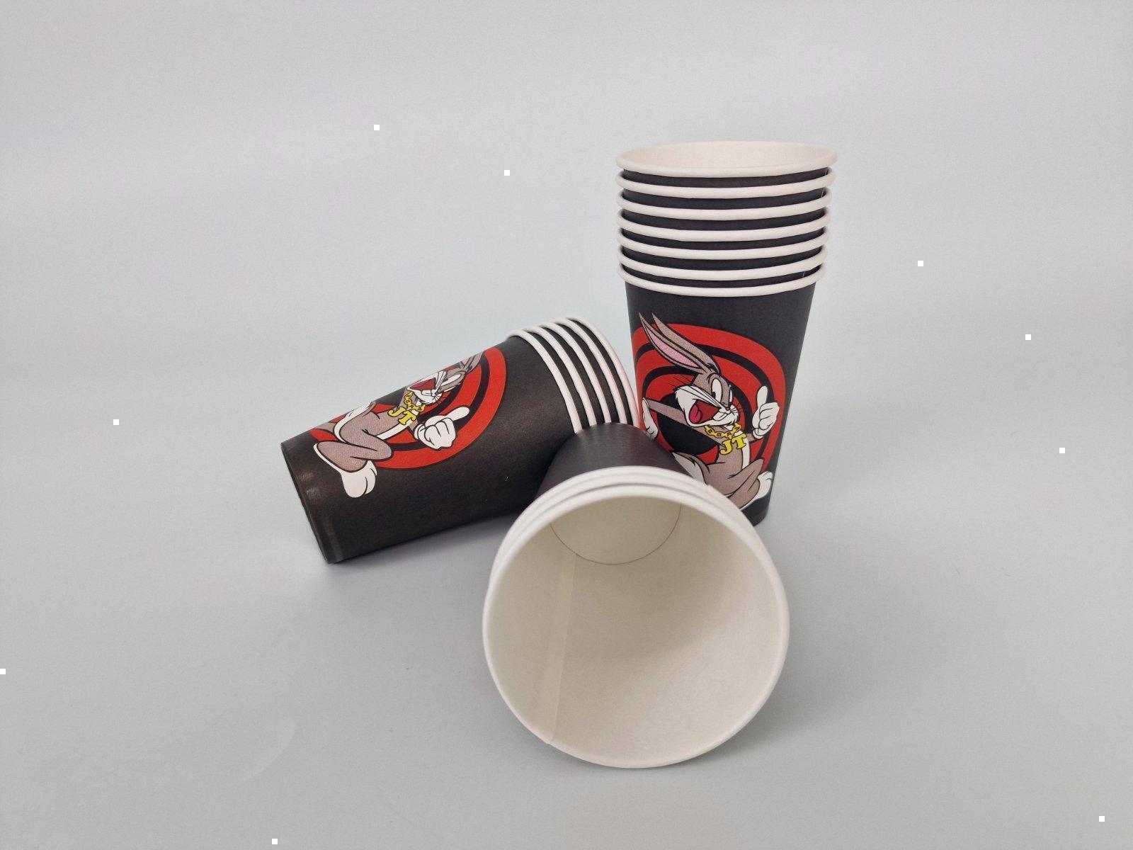 Бумажные стаканы и другая бумажная посуда изготовлены из высококачественного, прочного, тонкого картона. Внешняя сторона бумажных стаканов покрыта ламинацией. Ламинация внешней стороны бумажной посуды предотвращает преждевременное размокание посуды. Поскольку без ламинации внешней стороны бумажных стаканов произойдет следующее:наливая холодную жидкость в стакан, образуется конденсат на обратной стороне бумажных стаканчиков, под воздействием которого бумажная посуда быстрее размокает и утрачивает свои функции. На внешнюю сторону бумажных стаканов нанесены привлекательные рисунки, благодаря которым одноразовая посуда имеет привлекательный, праздничный вид.
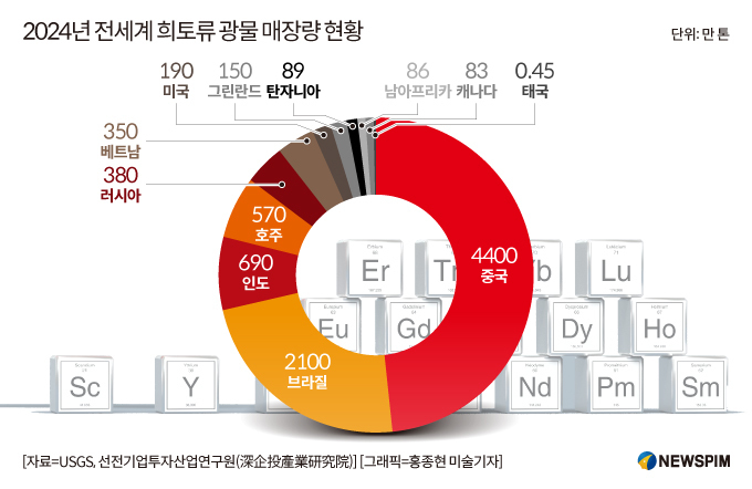 미국 지질조사국(USGS)의 통계에 따르면 2024년 말 기준 전세계 희토류 자원의 총 매장량은 9000만 톤(t) 이상으로 집계됐다. 그 중 중국의 매장량은 4400만 t으로 전세계 매장량의 약 48%를 차지해 1위를 차지하고 있다.
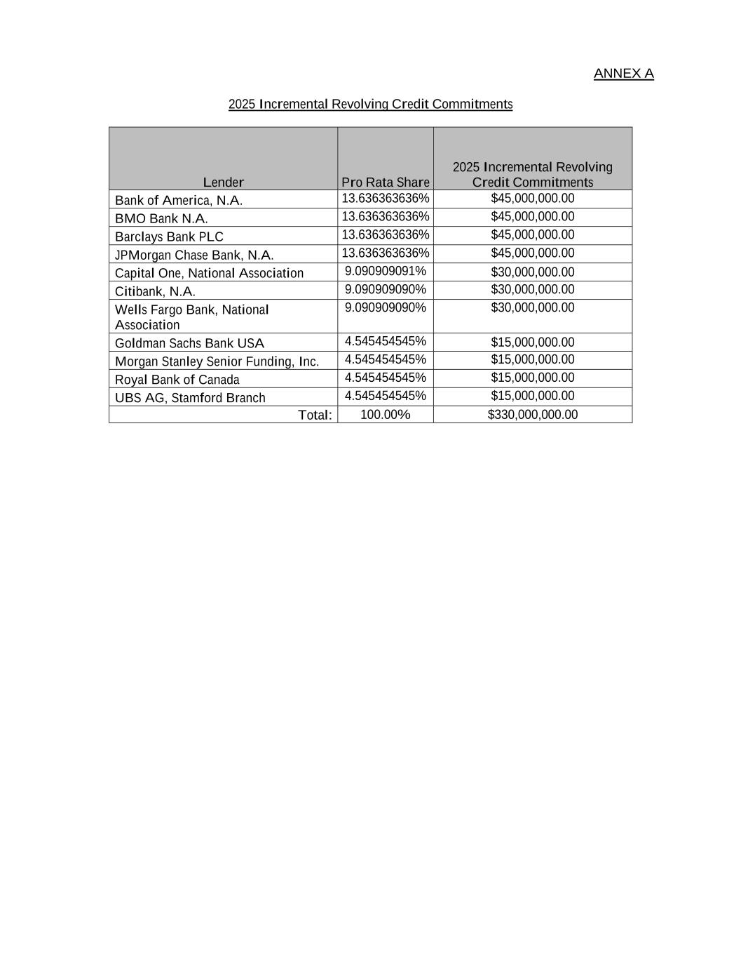 ANNEX A 2025 Incremental Revolving Credit Commitments Lender Pro Rata Share 2025 Incremental Revolving Credit Commitments Bank of America, N.A. 13.636363636% $45,000,000.00 BMO Bank N.A. 13.636363636% $45,000,000.00 Barclays Bank PLC 13.636363636% $45,000,000.00 JPMorgan Chase Bank, N.A. 13.636363636% $45,000,000.00 Capital One, National Association 9.090909091% $30,000,000.00 Citibank, N.A. 9.090909090% $30,000,000.00 Wells Fargo Bank, National Association 9.090909090% $30,000,000.00 Goldman Sachs Bank USA 4.545454545% $15,000,000.00 Morgan Stanley Senior Funding, Inc. 4.545454545% $15,000,000.00 Royal Bank of Canada 4.545454545% $15,000,000.00 UBS AG, Stamford Branch 4.545454545% $15,000,000.00 Total: 100.00% $330,000,000.00
========================================================================
▶ **TASK**
What belongs in the answer is each line above, reproduced exactly, and no picture.

▶ **SOLUTION FOR THIS TASK**
 Бумажные стаканы и другая бумажная посуда изготовлены из высококачественного, прочного, тонкого картона. Внешняя сторона бумажных стаканов покрыта ламинацией. Ламинация внешней стороны бумажной посуды предотвращает преждевременное размокание посуды. Поскольку без ламинации внешней стороны бумажных стаканов произойдет следующее:наливая холодную жидкость в стакан, образуется конденсат на обратной стороне бумажных стаканчиков, под воздействием которого бумажная посуда быстрее размокает и утрачивает свои функции. На внешнюю сторону бумажных стаканов нанесены привлекательные рисунки, благодаря которым одноразовая посуда имеет привлекательный, праздничный вид.
 미국 지질조사국(USGS)의 통계에 따르면 2024년 말 기준 전세계 희토류 자원의 총 매장량은 9000만 톤(t) 이상으로 집계됐다. 그 중 중국의 매장량은 4400만 t으로 전세계 매장량의 약 48%를 차지해 1위를 차지하고 있다.
 ANNEX A 2025 Incremental Revolving Credit Commitments Lender Pro Rata Share 2025 Incremental Revolving Credit Commitments Bank of America, N.A. 13.636363636% $45,000,000.00 BMO Bank N.A. 13.636363636% $45,000,000.00 Barclays Bank PLC 13.636363636% $45,000,000.00 JPMorgan Chase Bank, N.A. 13.636363636% $45,000,000.00 Capital One, National Association 9.090909091% $30,000,000.00 Citibank, N.A. 9.090909090% $30,000,000.00 Wells Fargo Bank, National Association 9.090909090% $30,000,000.00 Goldman Sachs Bank USA 4.545454545% $15,000,000.00 Morgan Stanley Senior Funding, Inc. 4.545454545% $15,000,000.00 Royal Bank of Canada 4.545454545% $15,000,000.00 UBS AG, Stamford Branch 4.545454545% $15,000,000.00 Total: 100.00% $330,000,000.00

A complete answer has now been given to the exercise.